In some studies, several constructs were measured together. For instance, Temirton et al. (2023) measured success, attitudes, and interests in their study. These constructs were examined utilizing questionnaires, achievement tests, observations, interviews, surveys, and content analysis techniques. Figure 3 provides a depiction of the frequency of measurements for each construct, along with the corresponding impact (positive or neutral) of STEM education. No negative effects were observed.
Student’s STEM career interests were measured in two studies (Japashov et al., 2022; Balta et al., 2023), and in both of them the effects were positive. Similarly, academic performance was measured in three studies (Ibrayeva and Shaushekova, 2022; Shurygin et al., 2023; Temirton et al., 2023), and the effects were positive. Writing skills were measured in one study, and the effect was neutral; Dyussembekova and Wu (2022) investigated STEM students’ perceptions regarding their writing practices through interviews and observations of written papers. They found that students’ perspectives on writing are not entirely pessimistic. To some degree, they grasp the significance of writing in their lives and recognize how it can contribute to their personal and professional development.

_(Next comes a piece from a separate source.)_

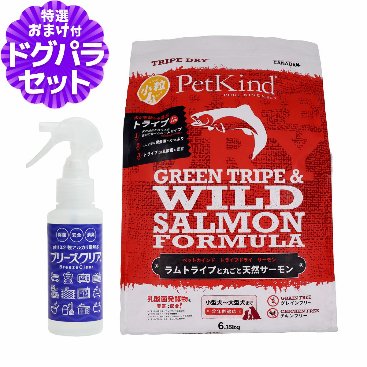ペットカインド トライプドライの解説 トライプファースト&グレインフリーの総合栄養食。 愛犬の健康のためにトライプを第一主原料に使用。 さらに、ナチュラルフード、ヒューマングレード、グレインフリーにこだわり肉食の愛犬の本来の食事に配慮しました。 トライプの豊富な栄養素をあなたの愛犬にダイレクトに届けるために、新鮮なグリーントライプにこだわりました。 PetKindでは第一胃から第四胃まですべてを原料に採用しています。 すべての胃を使うことに意味があるのです。 ペットカインド トライプドライ グリーントライプ&ワイルドサーモンの詳細 対象 全犬種・全年齢適応 グリーントライプ&ワイルドサーモンについて グリーンラムトライプを第一主原料に、新鮮なワイルドサーモンを贅沢に使用しました。 サーモンにはアスタキサンチン等が豊富に含まれます。 魚好きな愛犬が飛んでくる美味しさです。 ・つやつやな被毛、健康的な筋肉や体型作りに! ・腸の健康を維持し、元気なお腹へ! ・食い飽き・食いムラ・ご飯を食べないお悩みを解消。 ・「一番食べたい部位」だから喜んで食べてくれる高嗜好性。 ・グリーントライプにはアミノ酸や必須脂肪酸が豊富、第一胃から第四胃まですべてを原料に採用。 ・遺伝子組み換えや農薬、残留化学物質のない「新鮮で安全な食材」を使用。 ・合成保存料や人工香料・着色料は一切使用していません。 ・安心のカナダメイド。 ・丈夫な体づくりのために、子犬のころからグリーントライプを与えることをおすすめします。 その他 ※直射日光を避け、涼しく乾燥した場所で保管してください。 ※当店の商品は全て正規品です。 安心してお買い求めください。 ■パッケージ・内容成分などは予告なく変更になることがございます。 ご了承くださいませ。 犬/ドッグ/ドック/フード/グレインフリー/穀物不使用/羊/オメガ3/オメガ6/ペット/PetKind/TripeDry原材料 ラムトライプ、サーモン、エンドウ豆、エンドウ豆澱粉、七面鳥ミール、エンドウ豆タンパク、キャノーラオイル(ローズマリー抽出物による保存処理)、亜麻仁、ナチュラルフレーバー、キノア、カボチャ、ホウレンソウ、ニンジン、ブロッコリー、クランベリー、りんご、ブルーベリー、バナナ、炭酸カルシウム、塩化ナトリウム、リン酸二カルシウム、塩化カリウム、、サーモンオイル(混合トコフェロールによる保存処理)、チコリ根、塩化コリン、ビタミン(ビタミンA、ビタミン D3、ビタミンE、ナイアシン、パントテン酸カルシウム、リボフラビン、硝酸チアミン、塩化ピリドキシン、葉酸、ビタミン B12) 、ミネラル(硫酸亜鉛、硫酸鉄、亜鉛タンパク化合物、鉄タンパク化合物、硫酸銅、酸化マンガン、銅タンパク化合物、マンガンタンパク化合物、ヨウ素酸カルシウム、亜セレン酸ナトリウム)、タウリン、乾燥ラクトバチルス・アシドフィラス発酵物、乾燥ラクトバチルス・カゼイ発酵物、乾燥ビフィズス菌ビフィダム・サーモフィラム発酵物、乾燥ストレプトコッカス・フェシウム発酵物、ユッカシジケラ、ローズマリー、トウガラシ、ペパーミント、タイム、緑茶抽出物 保証成分 粗タンパク質: 30.0% 以上、粗脂質: 16.0% 以上、粗繊維質: 4.0% 以下、水分:10.0% 以下、粗灰分:7.0% 以下、リン:0.8%以上、マグネシウム:0.10%以下、タウリン:2790mg/kg以上、オメガ 6 : 2.3% 以上、オメガ 3 : 1.5% 以上 カロリー 359.6Kcal/100g 原産国 カナダ 対象年齢 全犬種・全年齢適応 給与量目安 ※愛犬が常に新鮮な水を飲めるように配慮してください。 ご注意 ※直射日光を避け、涼しく乾燥した場所で保管してください。 商品についてのお知らせ ※パッケージ・内容成分などは予告なく変更になることがございます。 おすすめポイント ペットカインド トライプドライ グリーントライプ&ワイルドサーモン 6.35kg+ph13.2強アルカリ電解水100ml 子犬 成犬 シニア犬 グレインフリー 穀物不使用 13,750 円

The Current Status of STEM Educational Research in Kazakhstan
Based on the primary objectives of the examined studies, the reviewed studies can be classified into three distinct groups. Firstly, there are studies focusing on gauging psychological variables like academic achievement. Secondly, there are studies centered around pinpointing factors that influence outcomes, such as participant retention and achievement in STEM education. Lastly, there are studies like “program development” that don’t fall within the scope of the prior two categories. These categories contained 12, 9, and 3 studies, respectively. The three studies in the final category were Yilmaz’s (2022) article on establishing benchmarks in the process of creating a novel Integrated STEM Leader Preparation Program, Serkova’s (2020) thesis on comparing employers’ and graduates’ views on essential and attained STEM skills in Kazakhstan, and Ergobek’s (2023) review on theoretical dimensions related to fostering students’ critical thinking through STEM education. Ibrayeva and Shaushekova’s (2022) study was the only article which was published in Russian with an extended abstract in English.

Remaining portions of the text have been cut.